I joined WB in Beta, it was the first game that I can recall that actually had 200ppl in one server. It was the first product for allot of folks when it came to flying WWII Sims online. Yes there where others, but this one brought forth a massive arena, great graphics, dynamic gameplay, solid community and a customer support department.
The perks (as I see them through my rose colored glasses of the past):
1. Quality of Player = Quality of experience
The hourly fee to play kept casual gamers out, the only people who where there, were the sort of folks who where as much Aviaition History Buffs, as they where old men wanting to live their childhood fantasies of being a WWII fighter pilot.
Alt.Games.WB was a place where instead of flame wars on the boards, you had dissertations on the ballistics of a 20mm, and it seemed as if the programmers listened. Everyone liked everybody, or at least respected each other. Jedi's Book of Dweeb, Toads Hall...
2. The Conventions featured real WWII Pilots signing books, Real good beer everywhere, and real geeky old men flying a sim.
3. Find the Book: WarBirds : The Story so Far, and read it, if for anything, to see where flight sims where in the mid 90's, what the community was like back then, and where it could be today.
Now, understand this, like old girlfriends from the past, we tend to put old games up on pedastals the farther back in memory they fade. We forget all the bad things, and remember only the good.
Examples:
1. You could take an A6M5 up, and actually fight with it. It was considered one of the most deadly planes in the game, because nothing could turn with it except an KI43 which shot spit wads.
2. Spit5 was considered to be the best plane in the game because it had cannons and could turn and out run a zeke
3. You could capture a field with 1 P38
4. You would fly for an hour and not see anyone at 8AM on a tuesday
5. The top ranked where there, because they killed alot, and never died.
6. Bombing was as much fun as flying a fighter
7. People Vulched with B17 formations with Auto Guns on, and it was scary efficient
8. The community was small enough, that there where probably only 100 people that flew during your normal flying time, and after a while, you could tell by the type of airplane, and the ACM being used, just who it was you where about to shoot down.
9. 2 vs 2 duels and squadron duels where prevalent and scheduled activities.
10. S3's rocked
10.5 Toads Air Races, its more important to finish than to win.................. TREE!

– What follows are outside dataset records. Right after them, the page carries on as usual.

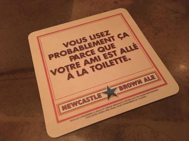 Why does Newcastle have French on their coasters?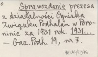 Sprawozdanie prezesa z działalności Ogniska Związku Podhalan w Poroninie za 1931 rok. 1931...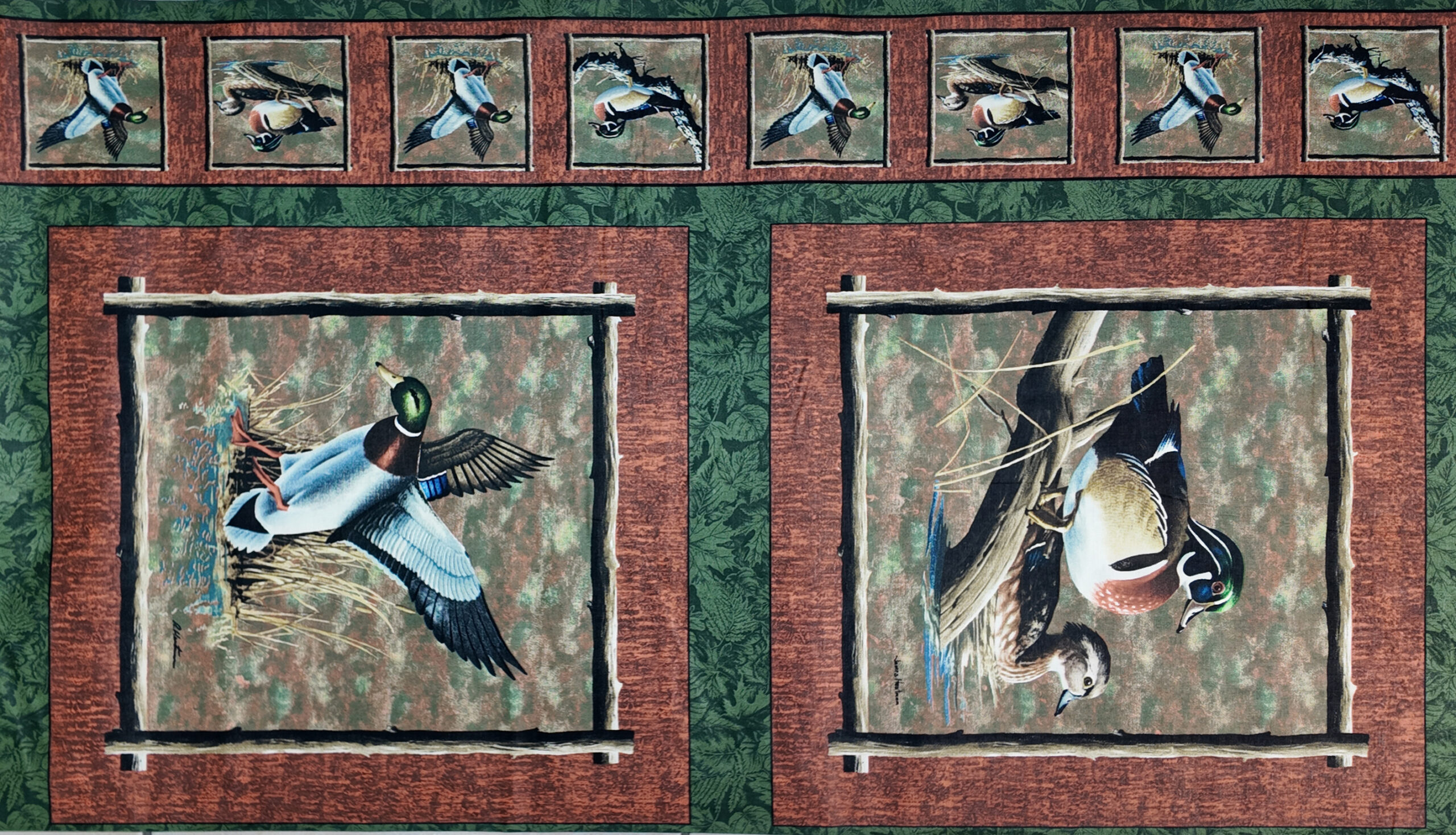 Dans une palette de verts profonds et de bruns chauds, les canards prennent leur envol ou se posent près des roseaux. Les cadres évoquent un sous-bois vivant, animé par des touches de lumière diffuse.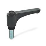 GN 600 Maniglie a ripresa piatte Plastica, boccola filettata in ottone, con pulsante di sblocco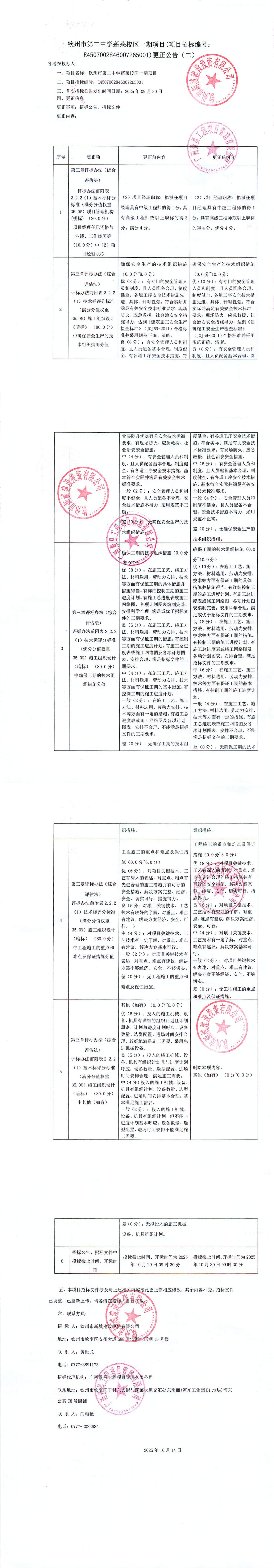 欽州市第二中學蓬萊校區(qū)一期項目(項目招標編號:E4507002846007265001)更正公告(二)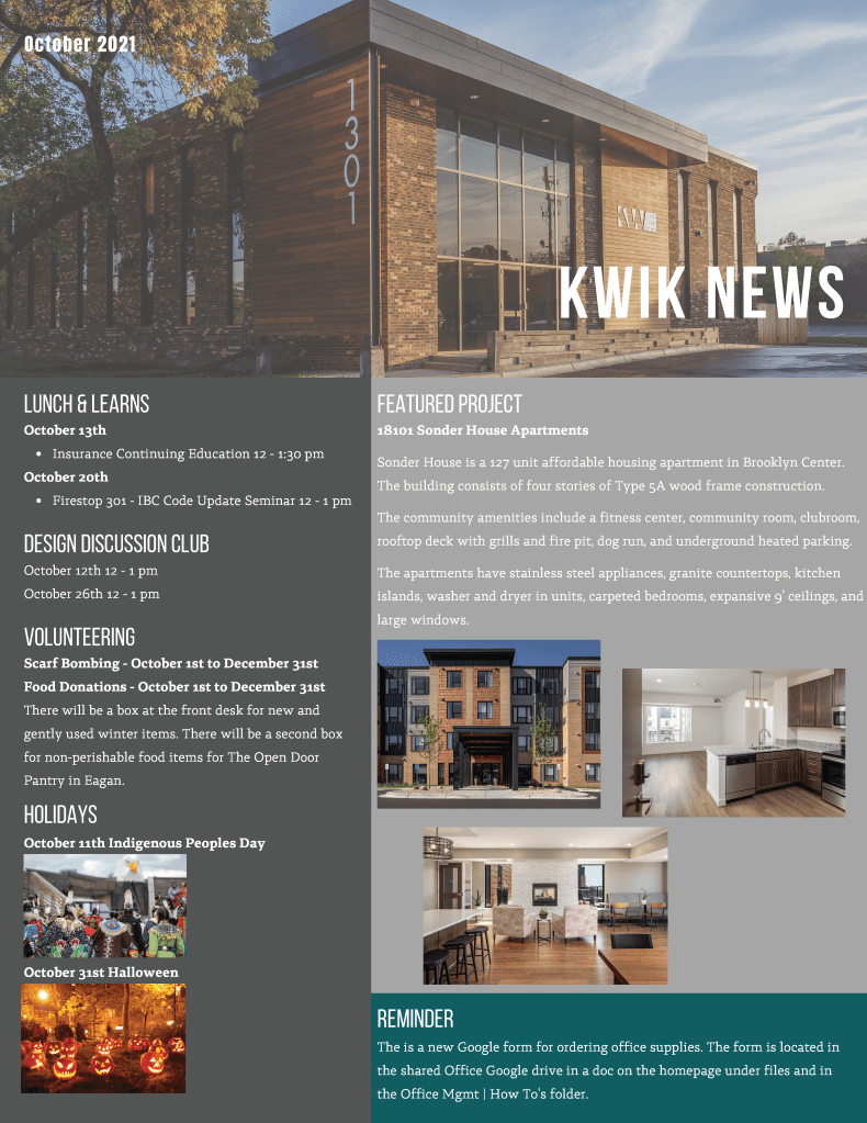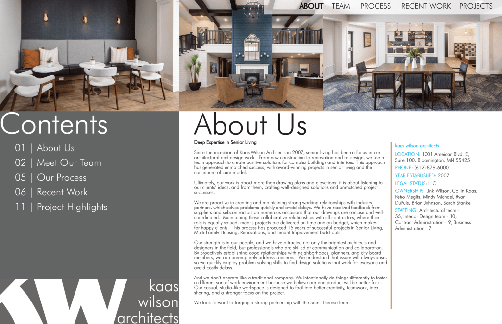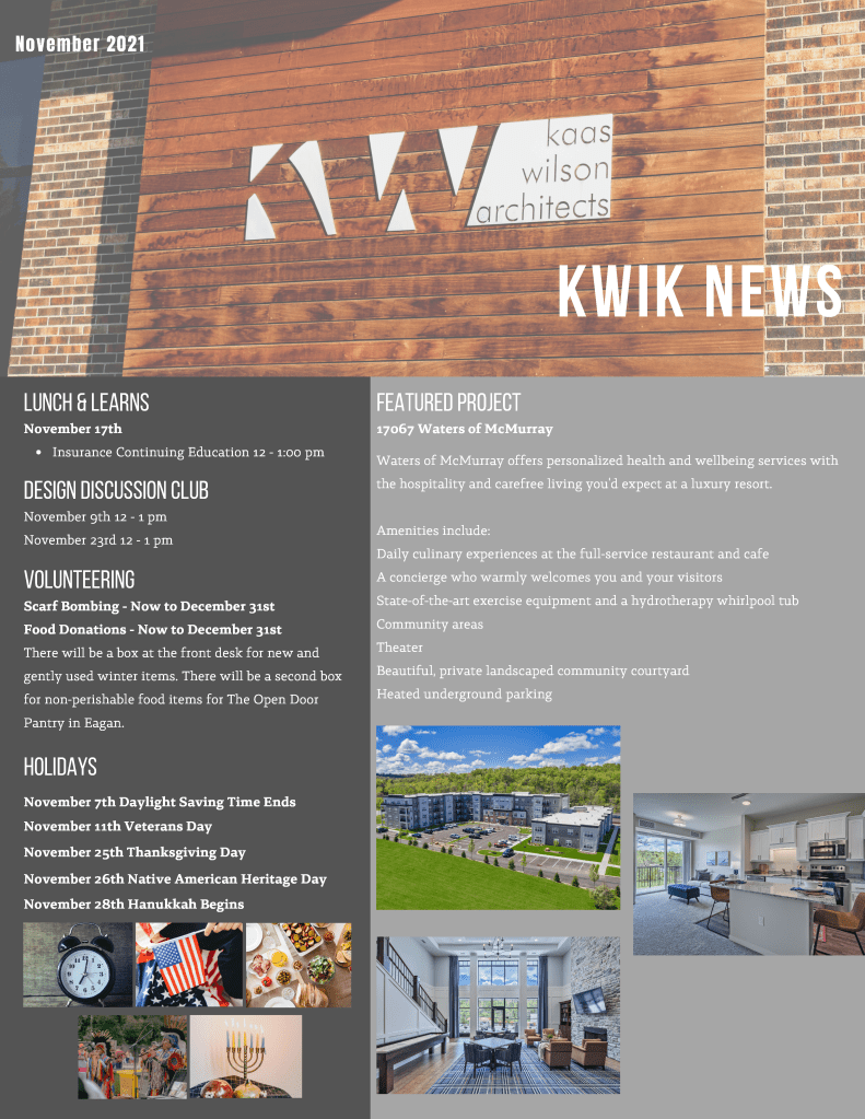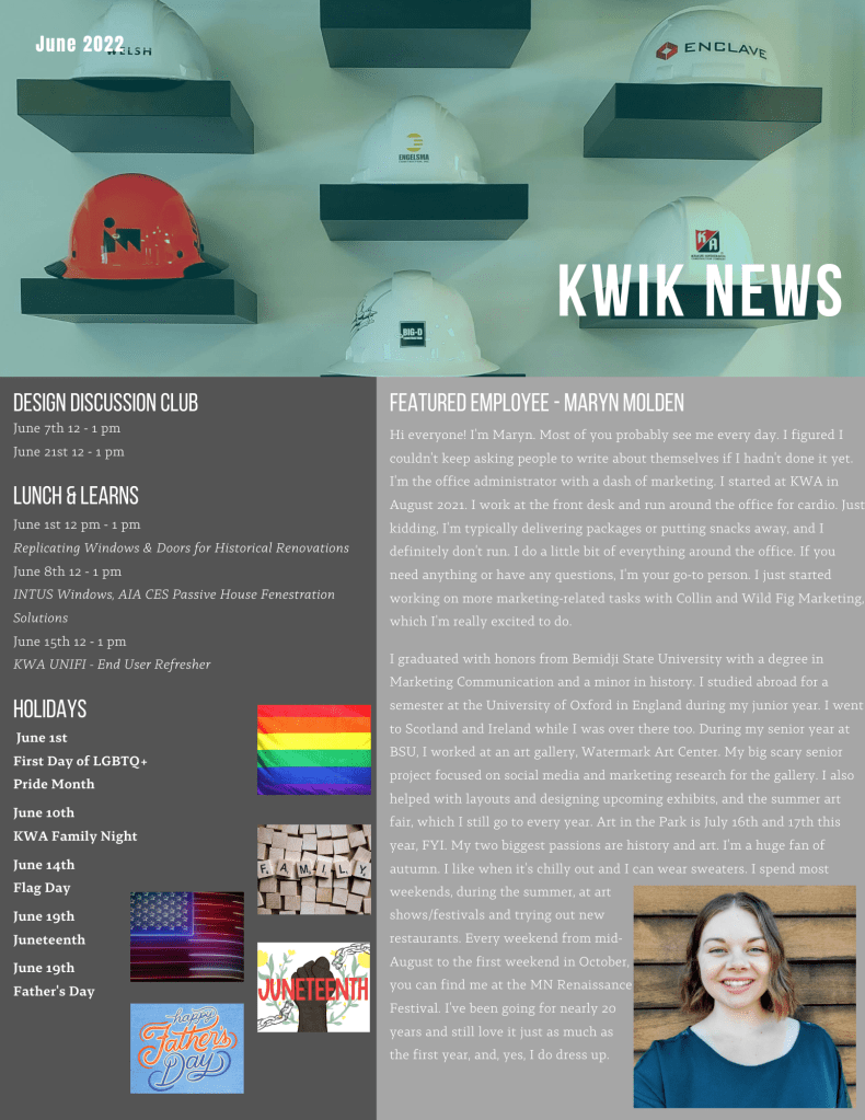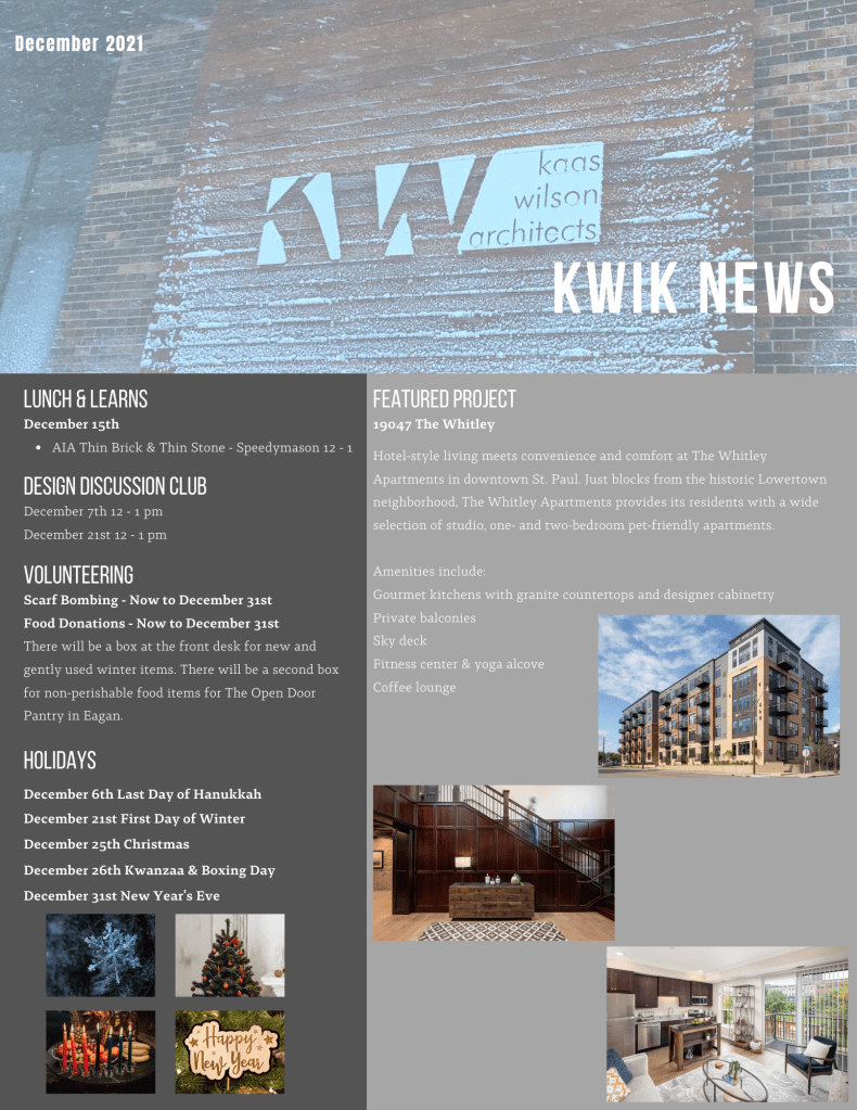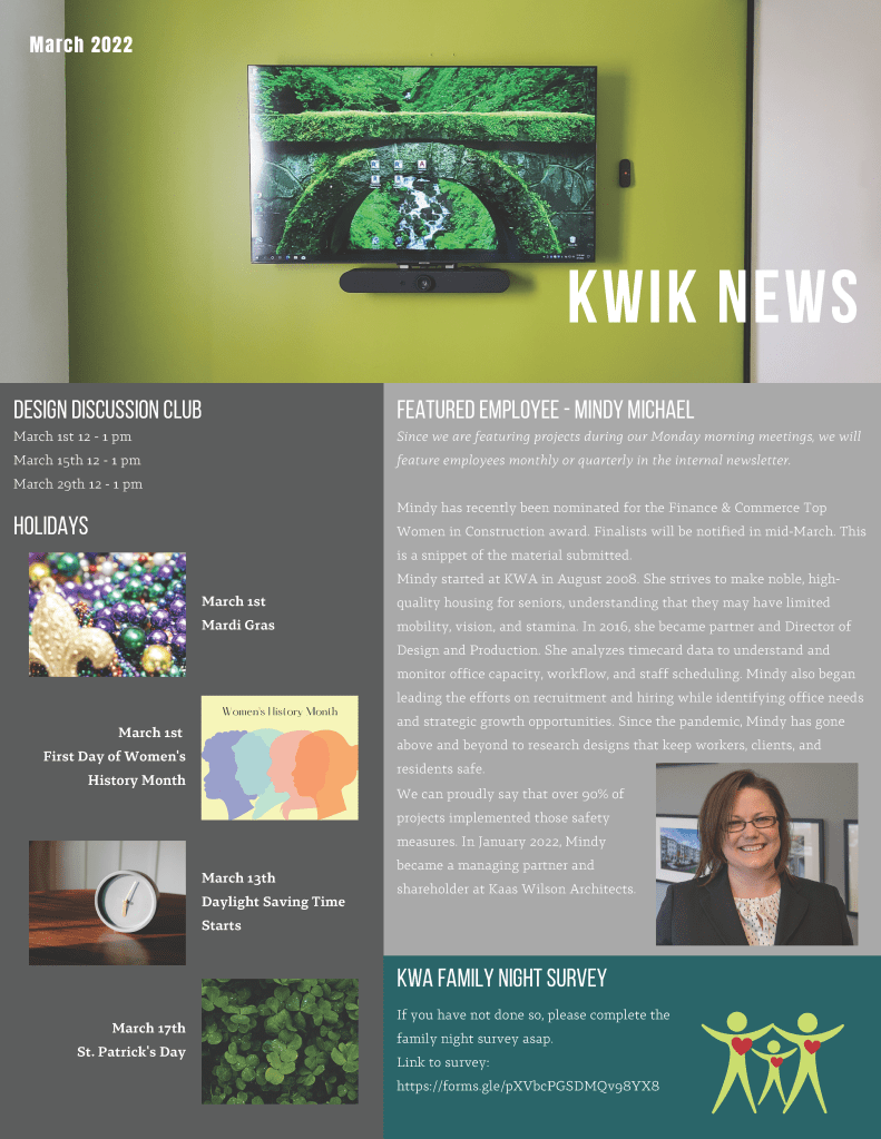 I designed monthly internal newsletters for Kaas Wilson Architects. Every month I met with employees, HR, and the BIM manager to coordinate pieces.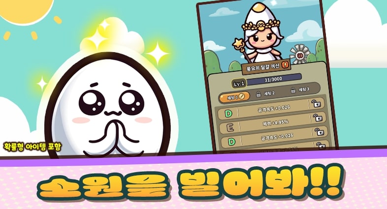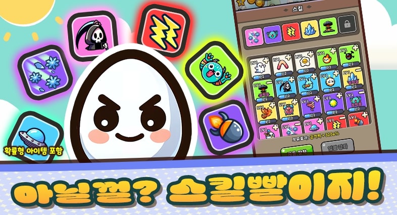 비록 작고 나약한 달걀이지만 능력치, 잠재력 무한 성장으로 강해질 수 있어요.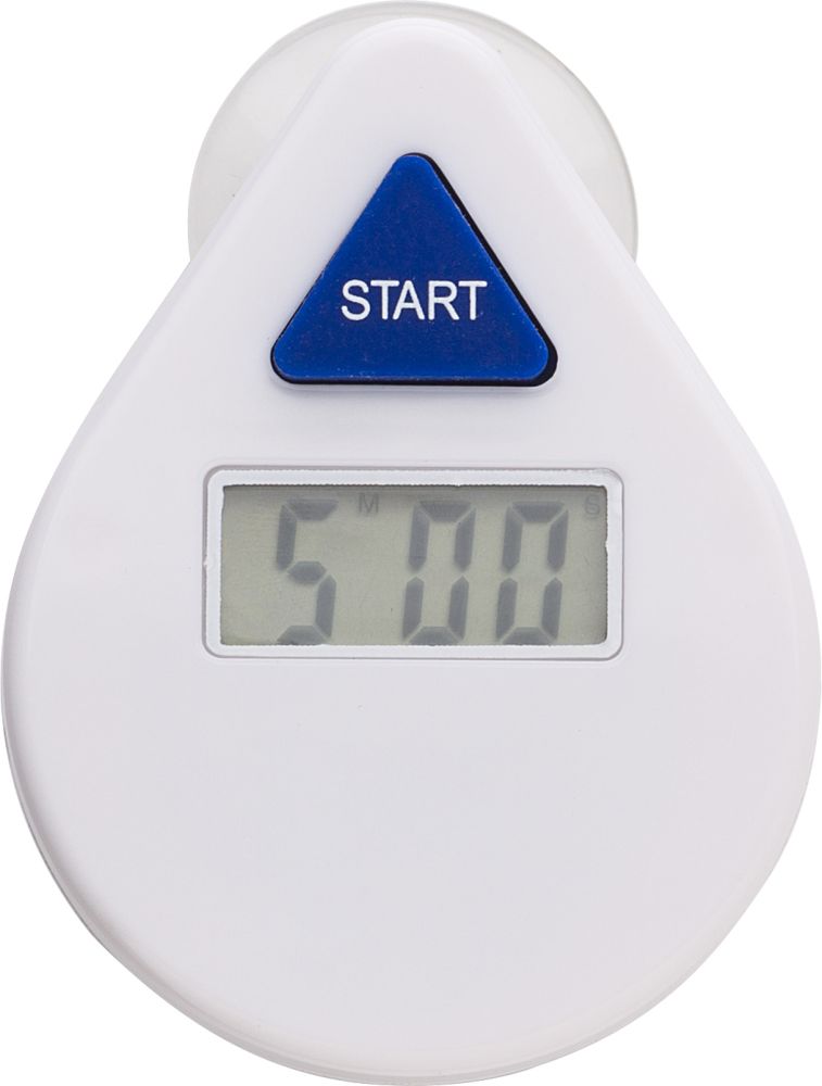 ABS digital shower timer with suction cap on the back, and push button on the front.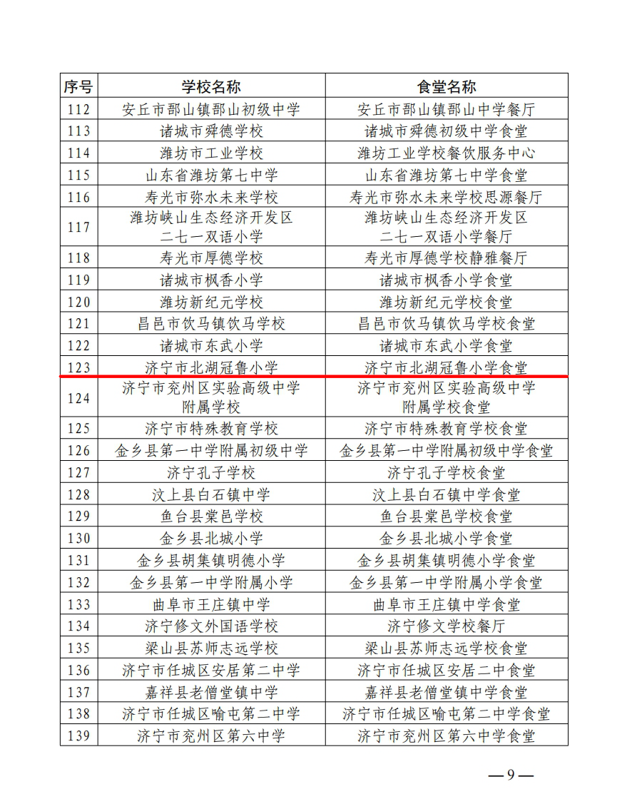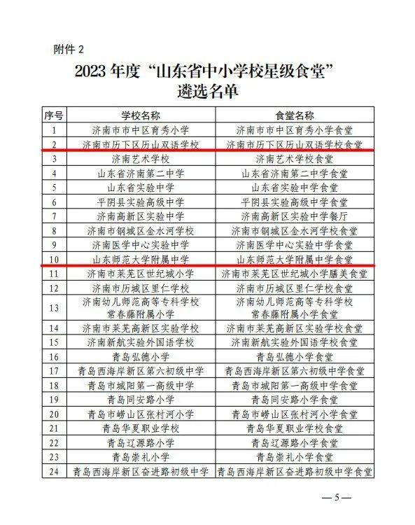山东师范大学基础教育集团成员校山东师范大学附属中学、山东师大基础教育集团直属校历下区历山双语学校、济宁市北湖冠鲁小学获“山东省中小学星级食堂”称号。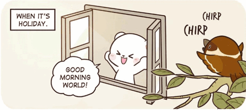 Milk Bear from Milk and Mocha joyfully greets the world from a window on a holiday morning.
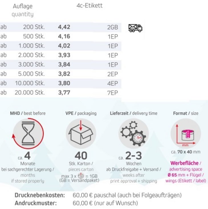 Werbefläche: 4c-Flügeletikett 119 x 65 mm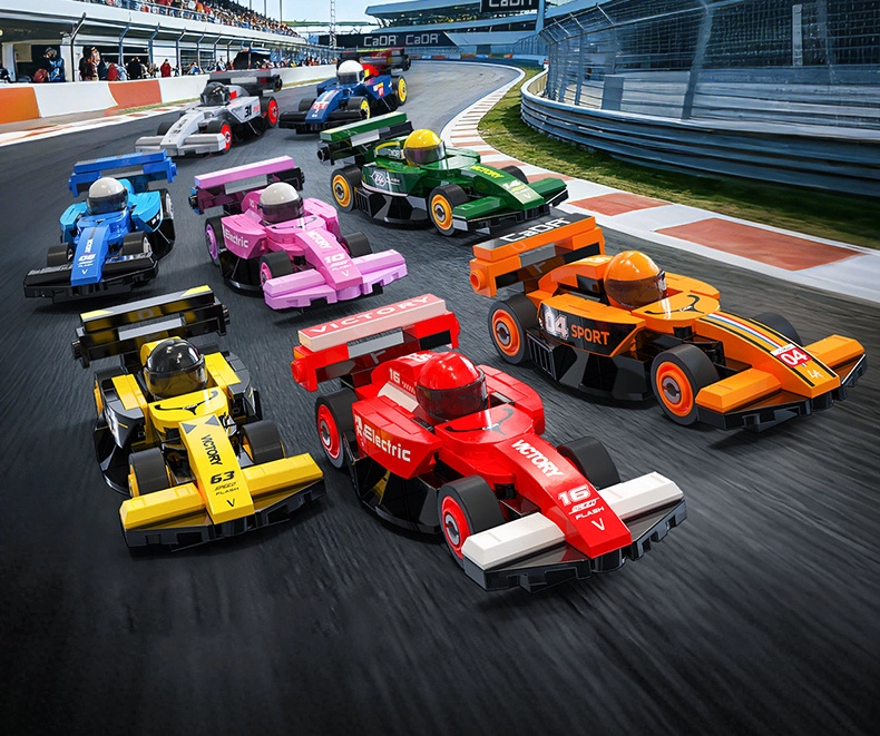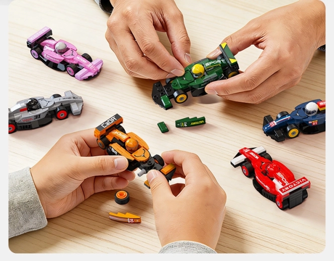 Építse meg a teljes kollekciót – nyolc különböző mini versenyautót dinamikus formákkal, szárnyakkal és mintákkal. Remek játékhoz és kiállításhoz.

11. You could not fly most airplanes especially early war upside down for very long
12. Rolling Plane sets and Instant Action Arena
13. Loosing all of the cannon fodder easy targets out of the rolling planeset MA because they only flew in the IA arena
14. The Move to Carolina and the changes that came with it
Aces High brought the best of WB to the market with a reasonable price rate, granted it brought a different gamer to the mix as well, overall, the true die hard sim fan can still get his/her fix, and maybee even a casual gamer from time to time is turned into a true sim fan.
The War Birds community scattered to Aces High, to World War II Online and some stayed home to Alt.Games.Warbirds and still can be found on S3's when not flying their IL2 weekly squadron matches.
The only thing I wish I could change or add to Aces High besides the core base of the community being truely well read historical junkies and research fanatics, is I would LOVE..................... LOVE to pay an additional $8 or so a month, and have a simple little WWI stand alone with one arena. Everyonce in a while, it is good to wear your rudder pedals out a bit. That much I miss about WB's.
But we can only relish in the past, the reality, is we have a better product, more accurate product and at a cheaper price than we had back then.
WB's broke my cherry, but I married Aces High, just wish I had my little WWI mistress on the side.